Authors: S. Evan Townsend
Trent let out a long sigh. “Damn. Can’t they come to my office tomorrow?”
“I’ll ask,” Vera said, leaving the room to hike back to the front door. She smiled slightly. This would mean more time the men would have to spend in the chill outside. She again walked slowly back to the entry, unlocked it, leaving the chain attached, and opened it. “Can you come to her office tomorrow?”
“No,” one, the African-American, replied rather forcefully. “We need to see her now.”
Vera swallowed hard on her anger at this impetuous man.
“Fine,” she said simply and closed the door again and walked back to the kitchen again taking her time.
Trent was listening to the computer messages.
“We’ve got to get out of here,” Trent cried anxiously.
“What?” Vera asked.
“We got a message from Whaltham. The police know everything. Those FBI men must be here to arrest me.”
“What can we do?” Vera asked.
“The car?”
“It’s charging but it’s pretty low.”
“We’ll have to try it,” Trent decided. It might just get them far enough away. “Out the side door.”
Outside the front door, Freeman pulled his coat around him.

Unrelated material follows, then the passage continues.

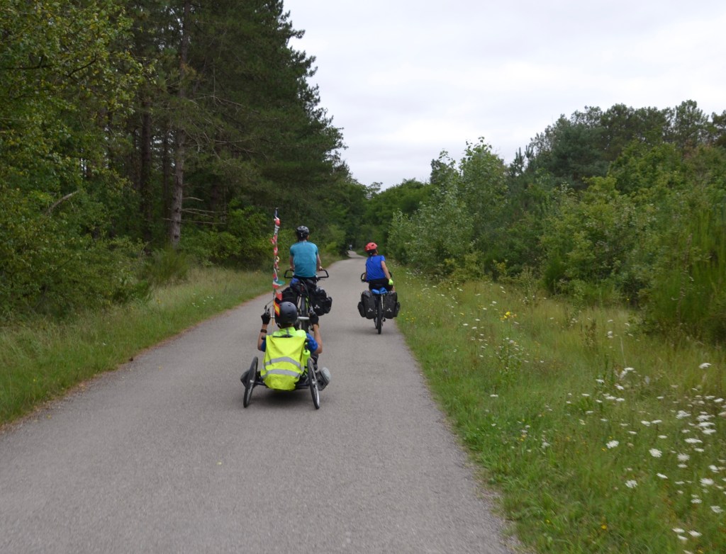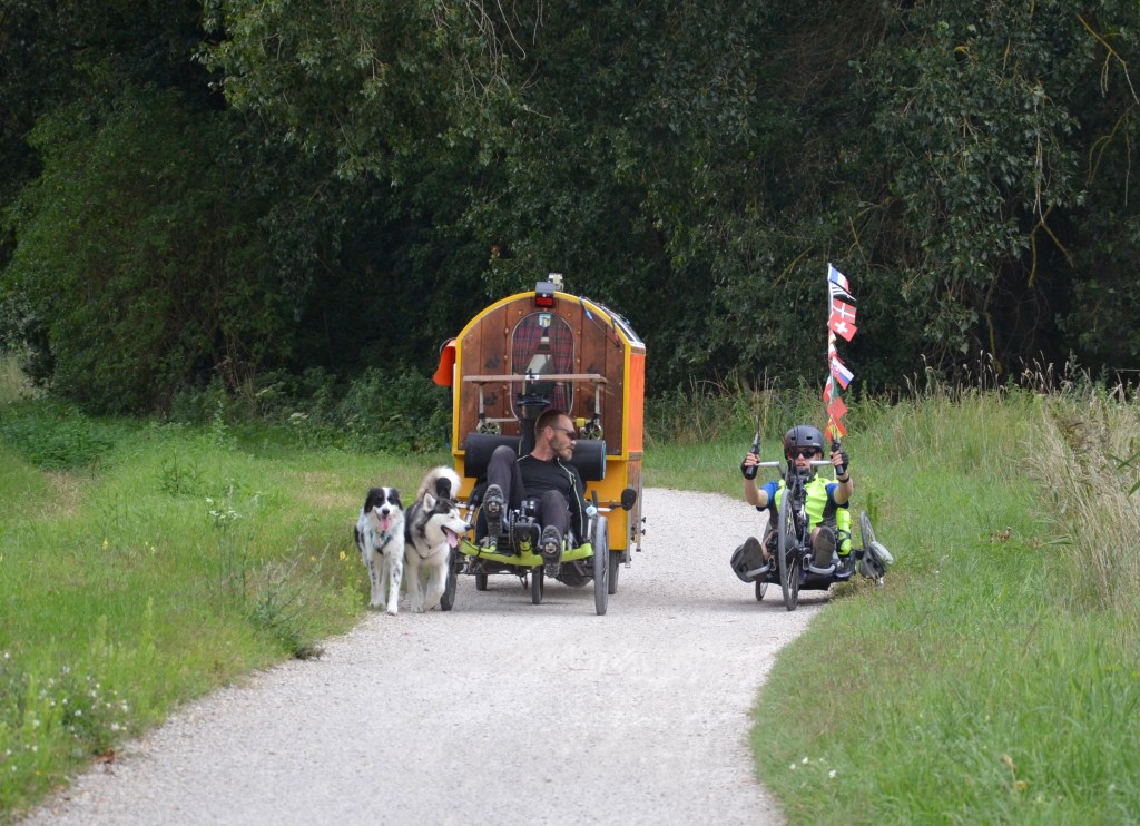 Autant vous dire qu’avec un vélo comme le handbike descendre d’un trottoir ou effectuer une chicane au bord d’une départementale où circulent voitures et camions est loin d’être sécurisé. Les 3 gars s’en sortent comme des chefs et nous retrouvons la tranquillité de la campagne.

Why that woman wouldn’t let them in was beyond him. He looked at the other agent, named Palmer. Palmer pulled the radio pinned to his lapel closer to his mouth. “Report.”
“Nothing here,” the woman watching the back door replied.

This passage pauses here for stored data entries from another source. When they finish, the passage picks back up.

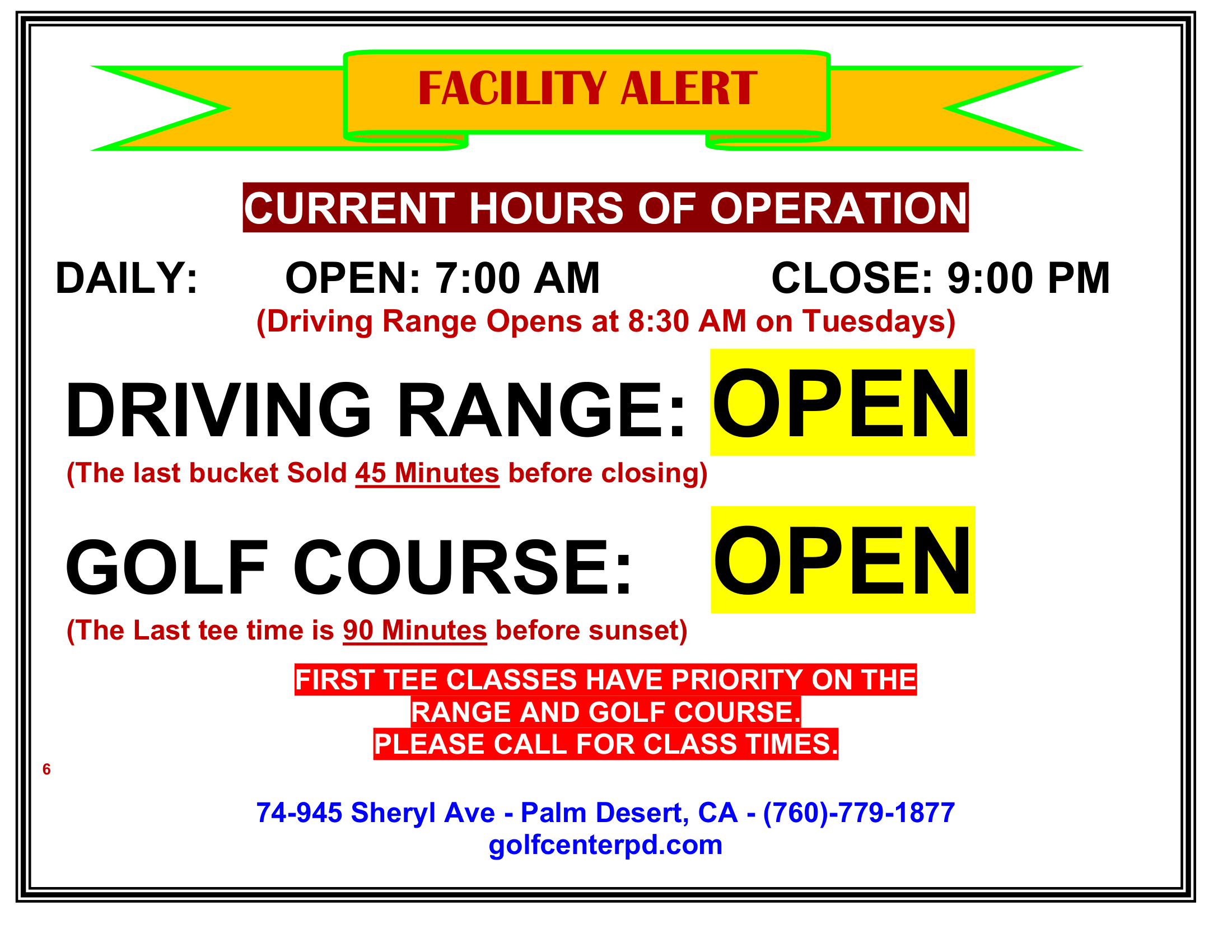Call The Golf Center at Palm Desert at (760) 779-1877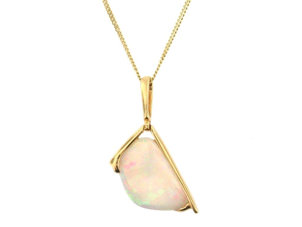 Yellow Gold Handmade Freeform Opal Drop Pendant Necklace.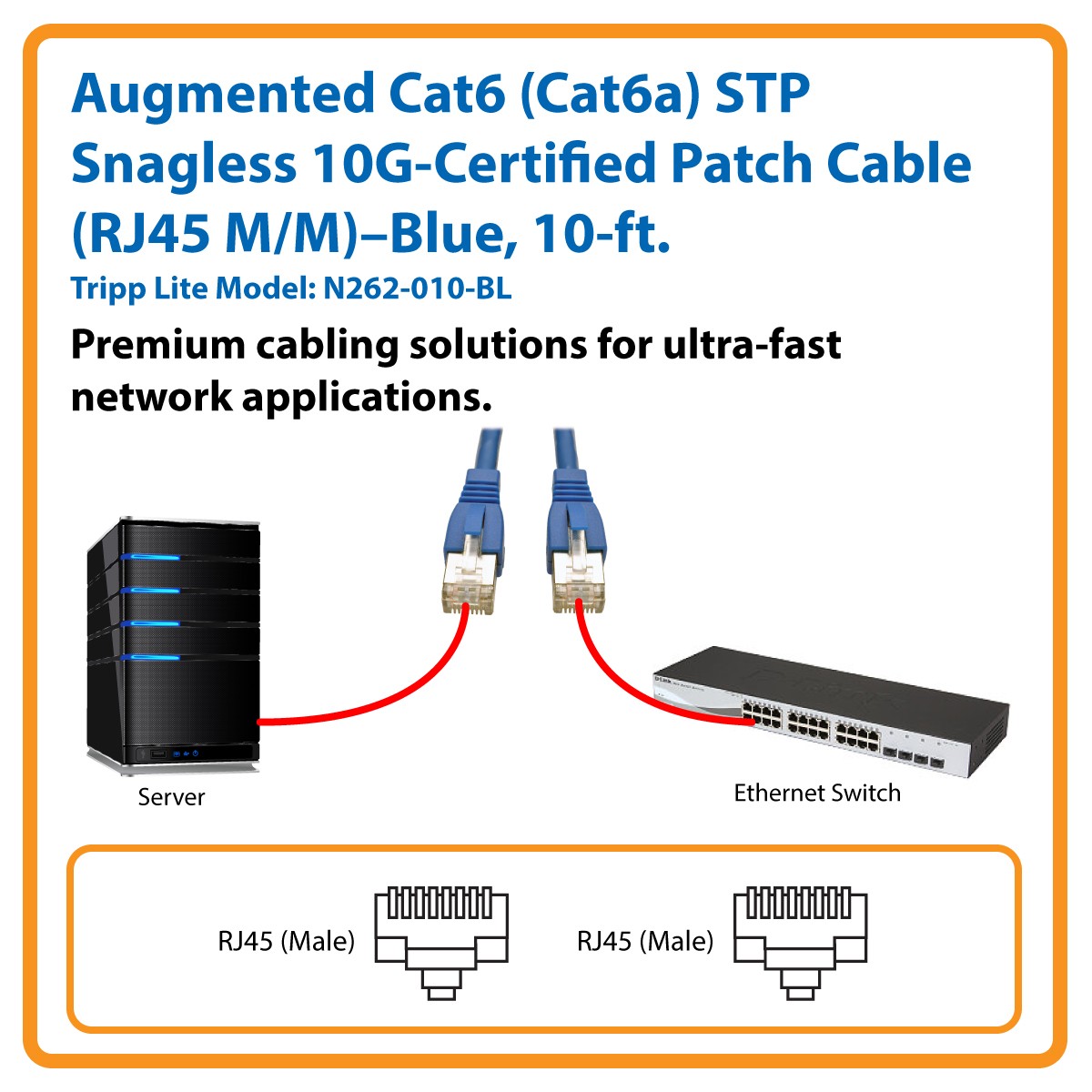 Enjoy data transfer speeds up to 10 Gbps when connecting with Tripp Lite’s N262-005-BL Augmented Cat6 (Cat6a) STP Snagless Patch Cable. Ideal for 10GBaseT Ethernet networks and Power over Ethernet applications, this five-foot cable is also PoE-rated to four times the IEEE 802.3at-2009 standard and backward compatible with all previous 10BaseT generations.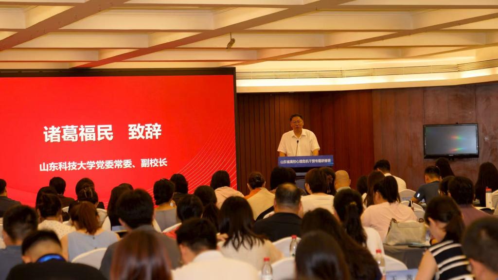 8月20日,由山东省心理卫生协会主办、beat365官方网站承办的“山东省高校心理危机干预专题研修班”在青岛开班。beat365官方网站党委常委、副校长诸葛福民,山东省心理卫生协会大学生心理健康教育与咨询专业委员会常务副会长屈艳红教授,天津大学杨丽教授及来自全省高校的百余名学员出席开班仪式。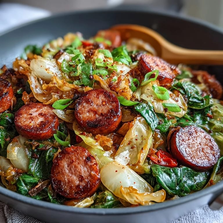 Pin It The smell of smoked sausage hitting a hot skillet takes me back to my grandmother's tiny kitchen, where she'd cook cabbage until it was meltingly tender and sweet. She never measured anything, just tossing in ingredients by feel and trusting her nose. I've adapted her method over the years, but the soul of this dish remains unchanged, simple ingredients transformed by patience and heat into something deeply comforting.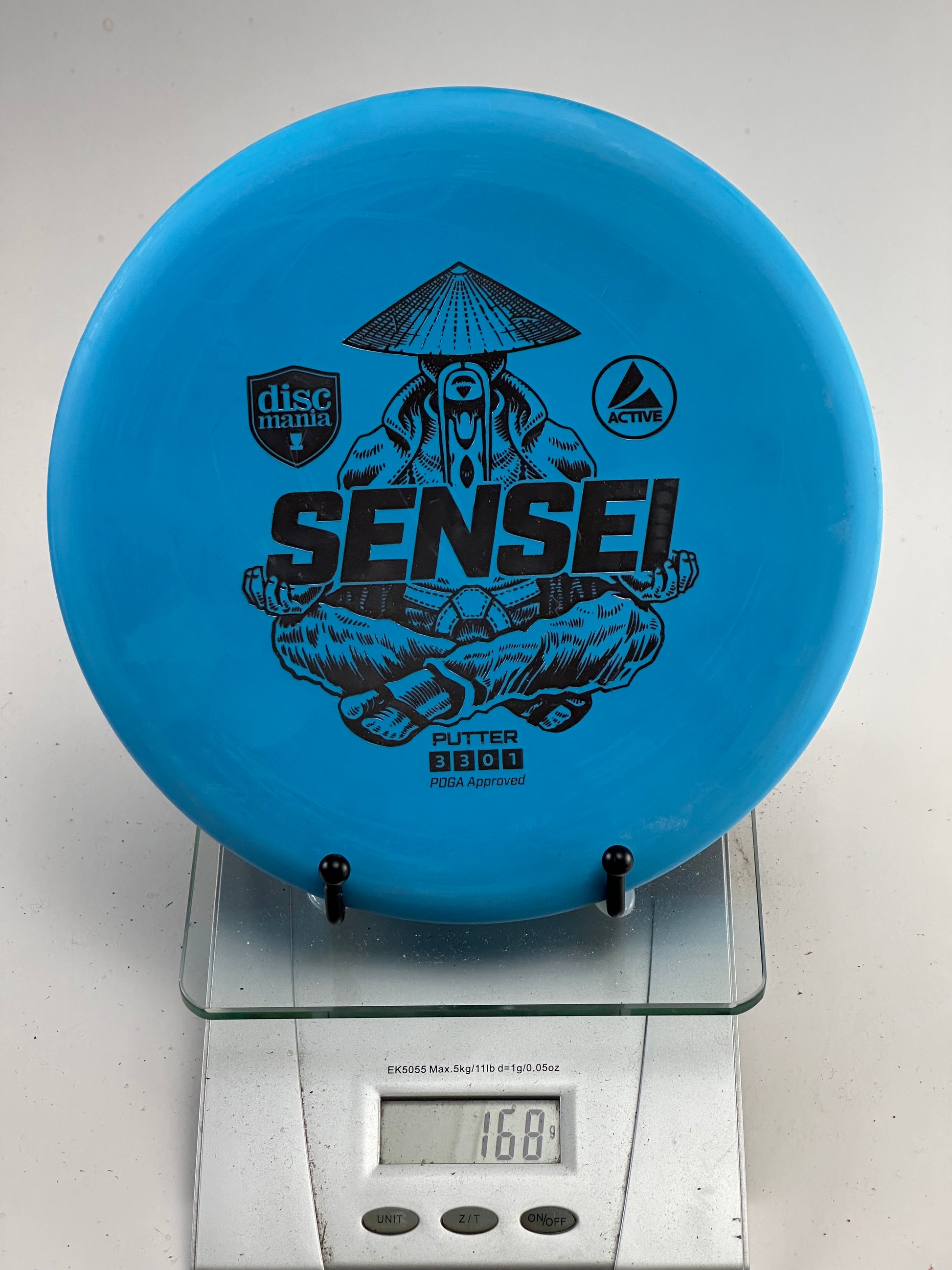 Bright blue Discmania Sensei putter in durable Active Base plastic. Features the signature Sensei stamp and offers a comfortable feel for putting and approach shots.

“Nothing, yet,” the man watching the side door reported.
“I give them 30 seconds and then we break down the door,” Freeman mumbled.

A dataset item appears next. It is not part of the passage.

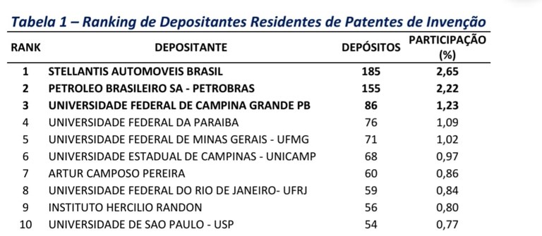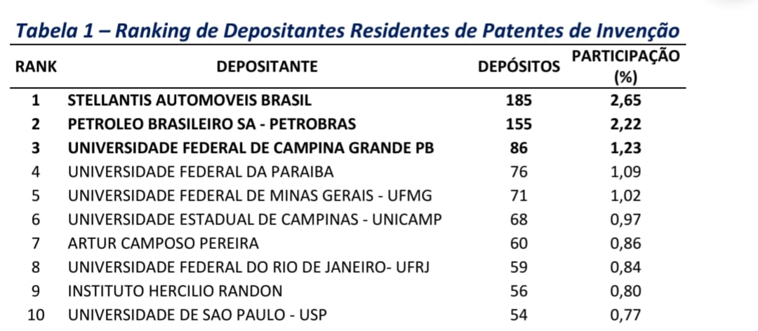 UFPB fica em quarto lugar no ranking de depositantes de patentes de invenção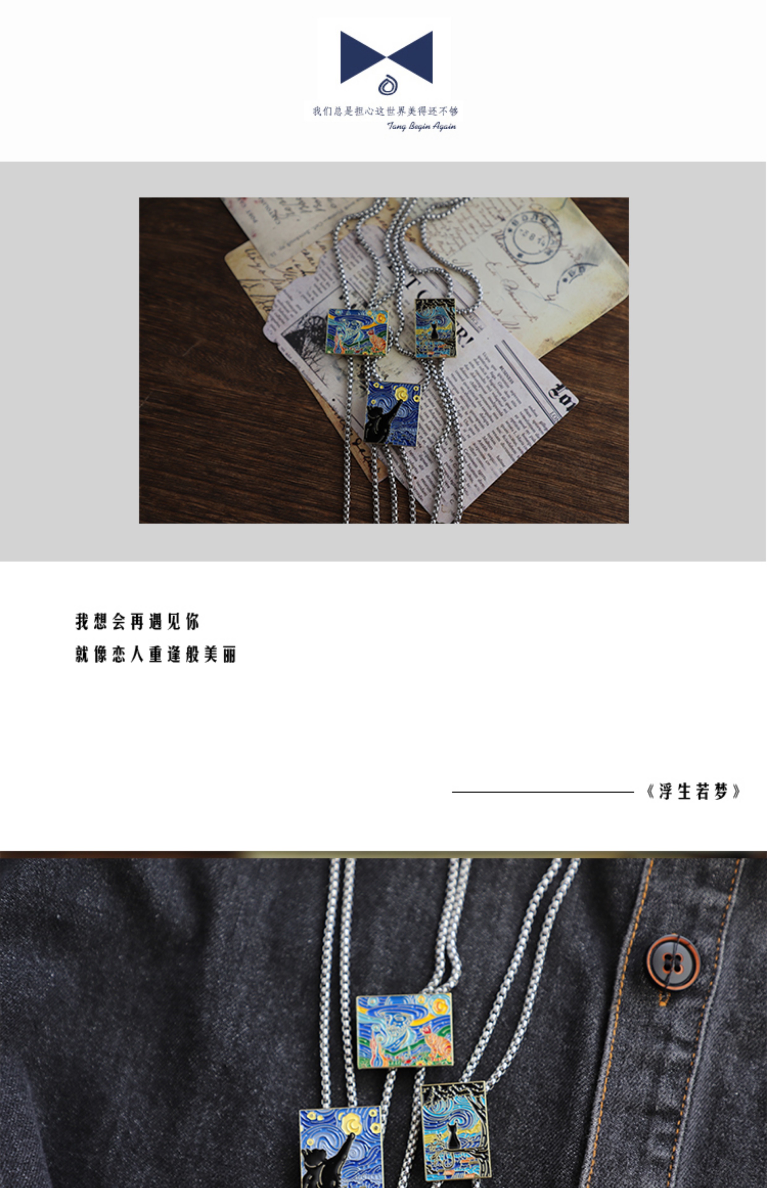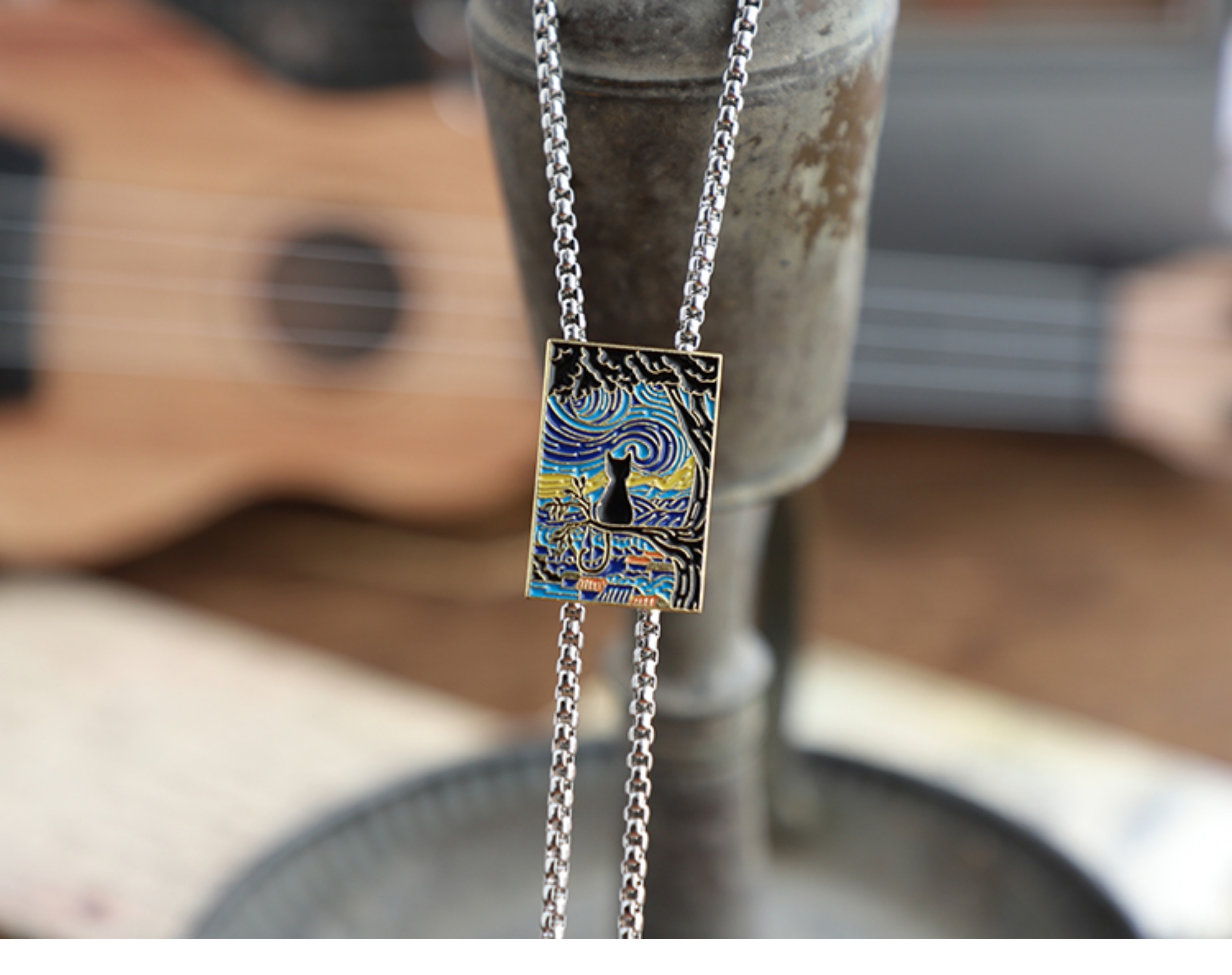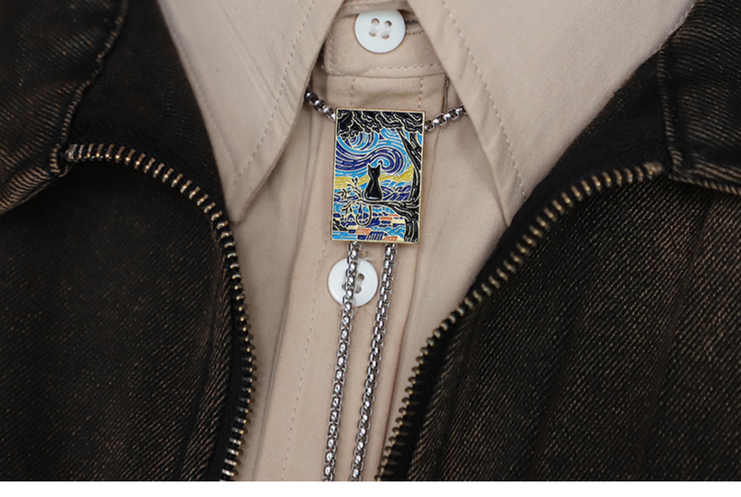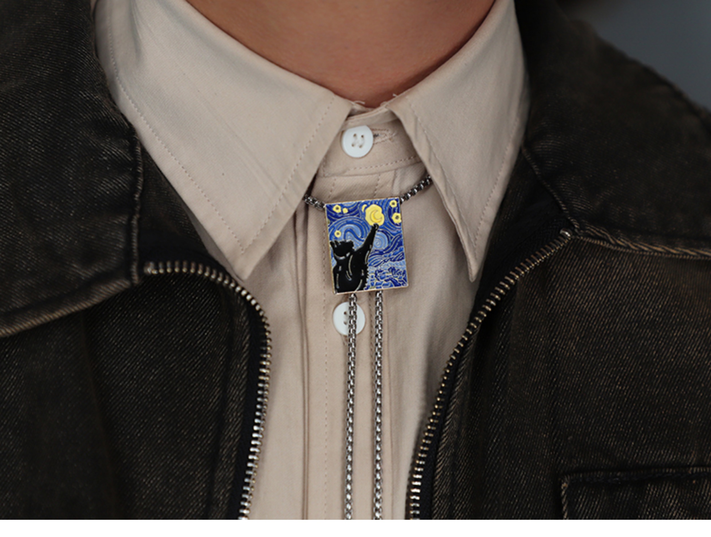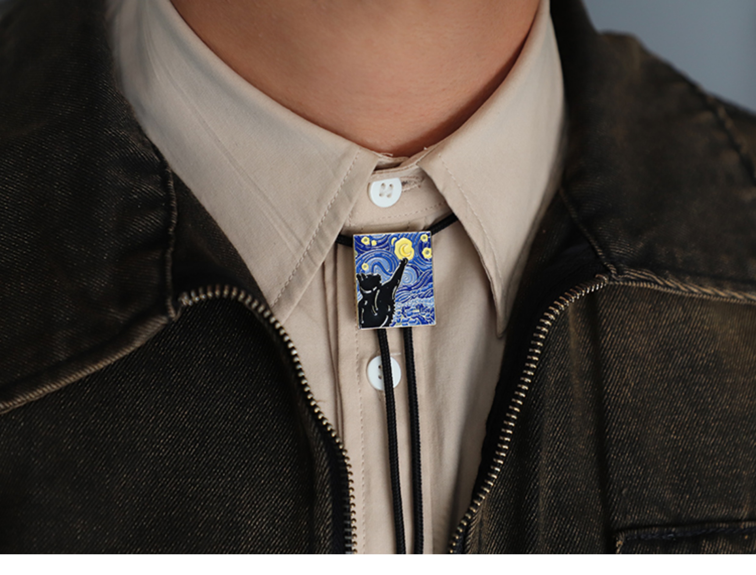 Van Gogh Starry Night Fresh Blue College Style Cat Series Fun Bow Tie for Men and Women Couples Bolotie

Palmer nodded. “Everyone, prepare to go in,” he said into the radio.
Trent and Vera ran out the side door. Another man was there, walking up to the door.
“Ha—” he started before Vera tried to knock his head over the centerfield wall with her baseball bat. The man crumpled to the ground.
“Shit,” Trent breathed.
“In the car,” Vera hissed, trying not to talk too loudly. She unplugged the car and got behind the wheel.
Electric cars make about as much noise as an electric can opener. Vera pressed the anachronistically named “gas pedal” and the car backed out of the driveway. As usual, it scraped the pavement as it pulled into the street.
Palmer turned to see the old electric swing around and start down the road. He hit Freeman on the arm. “Hey, look!”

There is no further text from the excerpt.